А испугали ее неправильные слова: «каторга» и «обнулить активы».

Но почему?

Потому что она уже слышала их раньше. Ум у нее, может, и женский, но на слух Настя никогда не жаловалась.

Девушка уткнулась в подушку и зажмурилась, пытаясь отогнать непрошенные воспоминания. Забыть слова, полную рюмку, мужскую тень на ковре и трость. Да, ей уже доводилось видеть ее. И не раз. И не раз хотелось сломать. Но девушка не могла себе этого позволить. Только не барышня ее воспитания и только не по отношению к жениху, не к ночи будь он помянут.

Настя вздохнула, чувствуя, как на глазах выступают слезы. Какая девушка не мечтает выйти замуж? Пойти к алтарю в белом платье, а там ее будет ждать высокий, статный… убогий инвалид. Отдышливый, опирающийся на трость дядька, с отвисшими, как у кобеля с псарни, щеками. Ее жених был старым, даже старше папеньки. Они познакомились еще до ее рождения, даже до знакомства отца с маменькой. Они вместе открывали первый ТРАСТ. Им бы этим и ограничиться, нет, решили породниться.

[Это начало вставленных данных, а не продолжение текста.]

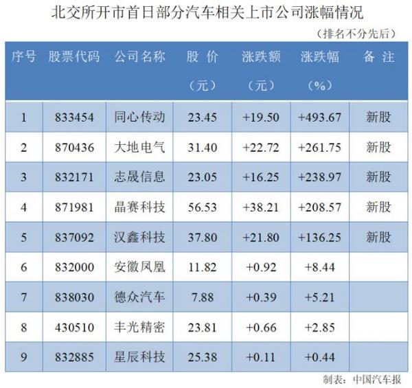 汽车制造相关企业有“靓”点 据了解,此次的81家上市公司中市值超过110亿元者只有4家,其中有3家是汽车制造相关企业,分别是贝特瑞,市值833.31亿元;连城数控市值258.36亿元;长虹能源市值112.55亿元。 北交所开市之际,几乎所有上市公司均出现迅速拉升,之后伴随大盘曲线的下行表现不一。截至当日收盘,十只当日上市的新股依然“火势”不减,另71只从新三板平移至北交所的股票中有9家企业保持上涨,其中有3家汽车零部件企业,1家为汽车销售企业,占比约44%。 其中,在上涨的9只股票中,安徽凤凰涨幅达8.44%;德众汽车涨幅达5.21%;丰光精密涨幅达2.85%;星辰科技涨幅达0.44%。 “在一定程度上,这几家汽车制造相关企业正是北交所上市同行公司的代表,且在各自不同的领域有独家或创新技术等优势。”招商证券分析师马宏图向《中国汽车报》记者对上述企业作出分析: 一是拥有自己的“绝活”,如丰光精密主要产品包括汽车伺服电机主轴等精密加工件,其压铸产品的精度公差最高能控制在±0.02毫米以内,优于国内同行。今年前三季度,该公司实现营业收入1.95亿元,同比增长48.69%;实现净利润为0.39亿元,同比增长59.74%。在原材料涨价等不利因素下,已属难能可贵。 二是产品虽小却利润较高。如安徽凤凰主要产品是汽车滤清器,包括空气滤清器、空调滤清器、机油滤清器、燃油滤清器等。公司约60%的产品销往国外,40%在国内,且境外的毛利率一直高于境内。国内主打小批量、多品种、灵活机动、利润率高的售后服务市场。 三是积极布局汽车新技术新赛道,如星辰科技的产品是新能源汽车驱动电机,以及无人驾驶物流车(AVG)、特种电动汽车的驱动电机及驱动系统,最新重点布局方向是多类电动汽车的驱动控制总成等。 “通常情况下,能在大盘下行之时仍然保持上涨,表明这些汽车制造相关企业具有较强的实力。”华泰证券分析师凌岳斌向《中国汽车报》记者表示,从新三板精选层平移至北交所的71家上市公司,虽然都是中小企业,但“专精特新”属性比较强,很多是制造相关行业细分领域的“隐形冠军”,表现出很强的成长性,由此也吸引了资本的关注。 新股领涨成“网红”? 当日,在北交所新上市的十只新股全部上涨。其中有五家汽车相关企业。截至当日收盘,这五家上市公司涨幅均超过130%。其中,汽车传动轴及相关零部件公司同心传动大涨493.671%,领涨北交所股票;大地电气涨幅达261.75%,居第二位;志晟信息涨幅达238.97%;晶赛科技涨幅达208.57%;汉鑫科技涨幅达136.25%。 “为资本所追捧的这几家新上市的汽车制造相关企业,基本都是为汽车‘新四化’配套的零部件企业。”东方证券分析师覃筱鹏向《中国汽车报》记者分析了这几家企业的特点。 其一,拥有高新技术的优势突出。如同心传动专注于汽车传动轴的研究与开发,公司拥有相关专利数十件。晶赛科技拥有自研的石英晶体谐振器,用于汽车GPS定位、雷达等器件,主要下游客户为比亚迪、华为等。而且正在研发先进的热敏晶体振荡器、温度补偿晶体振荡器等先进技术。其超薄型SMD石英晶体谐振器产品获安徽省科学技术奖。 其二,瞄准前景良好的新兴领域发力。如志晟信息是自动驾驶汽车的车路协同系统、以及智慧交通、智慧城市系统的供应商。而汉鑫科技则是平台供应商,其业务覆盖车路协同管理,技术服务平台涵盖驾驶安全、交通效率、交通信息服务等,可实现前向碰撞预警、紧急制动预警等典型应用,并利用该平台将“人、车、路、云”形成实时信息交互,从而带来更安全、更高效的自动驾驶及智慧出行。 其三,紧跟“新四化”新领域进行技术创新,如大地电气不仅有汽车成套线束、发动机线束、功能线束等,还积极布局新能源汽车充电枪、充电宝等组件的技术创新,并已经拥有了北京汽车、北汽福田、东风柳汽、中国重汽、潍柴集团、上柴集团等国内一流整车用户。 “北交所开市当日上午,包括上述几家汽车制造相关企业在内的十只新股全部‘熔断’临停,表明了资本对新技术特别是代表发展趋势的汽车零部件等行业的肯定和热情。”中信证券分析师路海波在接受《中国汽车报》记者采访时认为。

Божечки, когда она узнала о сватовстве, то не задала папеньке ни единого вопроса. Она прибегла к более действенному методу: проплакала три дня в подушку, отказываясь от еды и сводя с ума нянюшку. А та сводила с ума папеньку. Но проверенное годами средство не помогло, и этот опирающийся на трость старик скоро превратится в ее законного мужа. И тогда девичья мечта станет реальностью.